А разбитый гелиотроп? накинулся на сына Гаусс. Это тебе тоже безразлично?
Измерение — высокое искусство, сказал Гумбольдт. Оно налагает ответственность, к которой нельзя относиться легкомысленно.
Собственно, даже два гелиотропа, опять сказал Гаусс. Другой я просто уронил, а все потому, что какой-то болван вел меня по лесу не той дорогой.
Ойген вскочил, схватил свою суковатую палку и красную шапку и выбежал. Он хлопнул дверью так, что замок защелкнулся.
Вот и весь разговор, сказал Гаусс. Благодарность нынче не в ходу, да и само слово теперь не в моде.
Конечно, с молодыми людьми не просто, сказал Гумбольдт. Но и нельзя быть слишком строгим, иногда немного ободрения приносит больше пользы, чем укор.
Из ничего — ничего и не получится. А что касается магнетизма, то вопрос тут поставлен неправильно: речь идет не о том, сколько магнитов находится внутри Земли. Так или иначе, все равно в итоге окажется только два полюса и одно магнитное поле, которое можно будет описать, определив силу земного магнетизма и угол наклонения магнитной стрелки.
Он всегда использовал магнитную стрелку, сказал Гумбольдт.

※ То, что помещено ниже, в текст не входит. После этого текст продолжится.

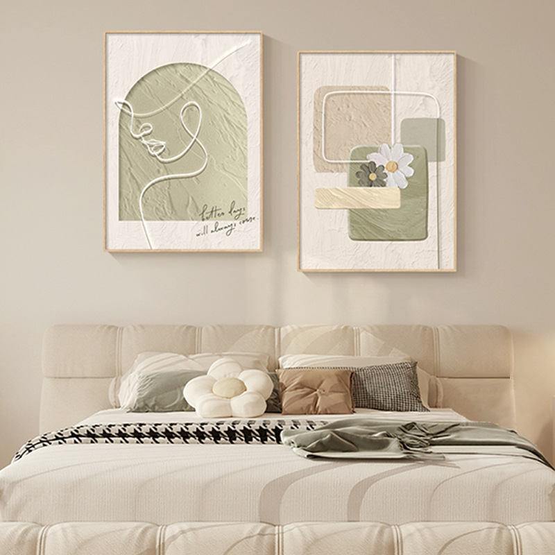 Скандинавская кремовая спальня декоративная живопись искусство абстрактная главная спальня прикроватная роспись цветочная текстура ресторана двойной фрески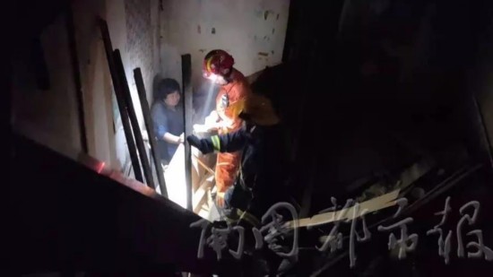 据介绍,21日凌晨3时1分接警后,海口市消防救援支队指挥中心立即调派琼山区消防大队国兴中队及琼山区文庄小型消防站共计2部消防车11名指战员赶赴现场救援。消防救援人员到达事故现场后,经现场初步侦察和群众反馈了解到,倒塌房屋为一层砖瓦木结构的尖顶瓦房,屋顶发生了坍塌,但瓦房墙体未倒,1名老人被困屋内。碎砖及断裂的木头、瓦片堆在门口,木门也被屋内杂物卡住,从外面无法打开木门,如果强行破拆此门进入,可能会造成房屋二次坍塌。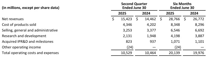7月31日,艾伯维公布了2025H1业绩,上半年总营收287.66亿美元,同比增长7.4%。自免、神经科学、肿瘤、美容以及眼科各大业务分别带来138.95亿美元(+12.6%)、49.65亿美元(+20.3%)、33.09亿美元(+4.2%)、23.81亿美元(-9.8%)、10.20亿美元(-4.8%)的收入。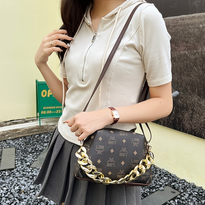 solvbao 1pc New Vintage Printed Crossbody Bag, Stylish Casual Messenger Bag, Cute Sweet Diagonal Bag, Simple Bag, Women's Bag With Chain Handle, Mobile Phone Bag, Camera Bag, Lipstick Bag, Key Bag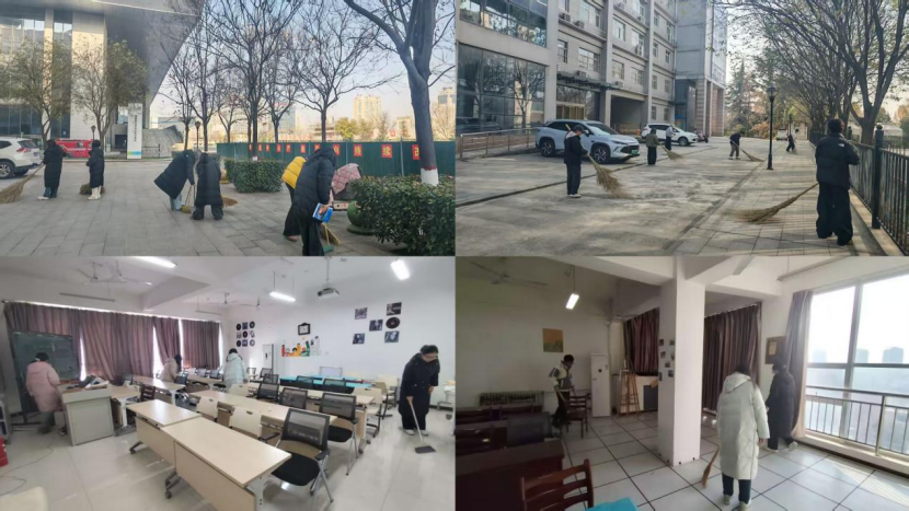 学院师生针对绿化带、道路旁堆积的落叶、杂草等卫生死角进行彻底清扫,同时也对教室、画室等区域的地面颜料残痕、黑板窗台、桌斗卫生、桌椅摆放等细节再做了一次全面细致的清洁整理。大家用实际行动为迎接师范专业认证专家进校考察工作贡献力量,营造一个干净、整洁、美丽的校园。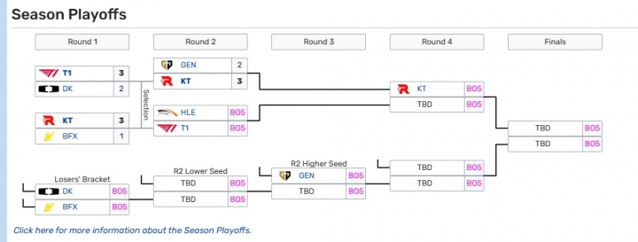 T1和HLE的败者跌入第二轮,交手DK和BFX的胜者,决出LCK的第四个名额。

С ее помощью он собрал более десяти тысяч достоверных результатов.
Боже праведный, сказал Гаусс. Зачем же так напрягаться? Думать надо! Горизонтальная составляющая силы земного магнетизма несет в себе функцию географической широты и долготы. Вертикальную составляющую лучше всего разложить по степенному ряду обратной величины радиуса Земли. Простые шаровые функции. Он тихо засмеялся.

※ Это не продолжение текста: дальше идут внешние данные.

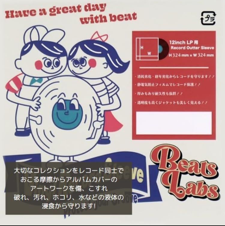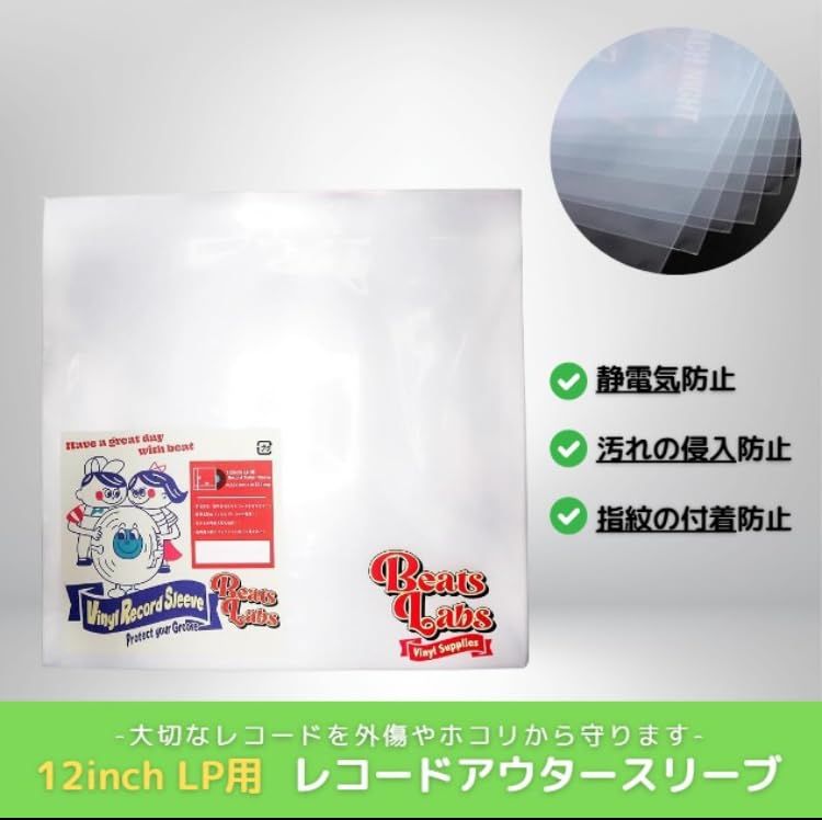 新品 アールアンドエス【Beats Labs】12inch LP用 レコードアウタースリーブ 高密度3ミル ポリプロピレン素材 クリスタルクリア 324mm x 324mm 保護 静電気防止 ホコリ防止(50枚入)

Шаровые функции. Гумбольдт улыбнулся. Он не понял ни слова.
Он уже утратил сноровку, сказал Гаусс. В двадцать лет ему и дня было бы много для таких несложных вещей, а сегодня ему понадобится для этого не меньше недели. Он постучал себя пальцем по лбу. Серое вещество здесь уже не работает так, как раньше. Он жалеет, что не выпил тогда кураре. Человеческий мозг угасает понемножку каждый день.

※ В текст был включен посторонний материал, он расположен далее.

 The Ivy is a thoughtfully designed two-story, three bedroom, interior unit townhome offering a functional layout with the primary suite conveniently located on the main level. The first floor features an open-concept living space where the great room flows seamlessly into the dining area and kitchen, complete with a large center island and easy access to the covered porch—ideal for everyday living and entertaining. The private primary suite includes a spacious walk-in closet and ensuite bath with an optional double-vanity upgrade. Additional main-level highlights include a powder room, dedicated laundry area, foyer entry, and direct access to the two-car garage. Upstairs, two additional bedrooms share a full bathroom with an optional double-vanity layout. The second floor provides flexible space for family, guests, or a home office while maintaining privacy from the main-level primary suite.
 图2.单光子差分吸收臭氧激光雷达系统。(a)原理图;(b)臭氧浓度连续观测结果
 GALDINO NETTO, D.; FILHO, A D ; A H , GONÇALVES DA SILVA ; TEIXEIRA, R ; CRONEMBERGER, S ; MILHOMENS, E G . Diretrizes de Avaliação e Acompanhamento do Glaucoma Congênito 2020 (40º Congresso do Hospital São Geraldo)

Кураре можно выпить, сколько душе угодно, сказал Гумбольдт, и ничего не произойдет. Чтобы умереть, его нужно ввести в кровь.
Гаусс удивленно уставился на него.
Точно?
Конечно, точно, уверенно, но и возмущенно сказал Гумбольдт. Практически я сам открыл эту субстанцию.
Гаусс какое-то мгновение помолчал.
А что, спросил он потом, случилось на самом деле с этим Бонпланом?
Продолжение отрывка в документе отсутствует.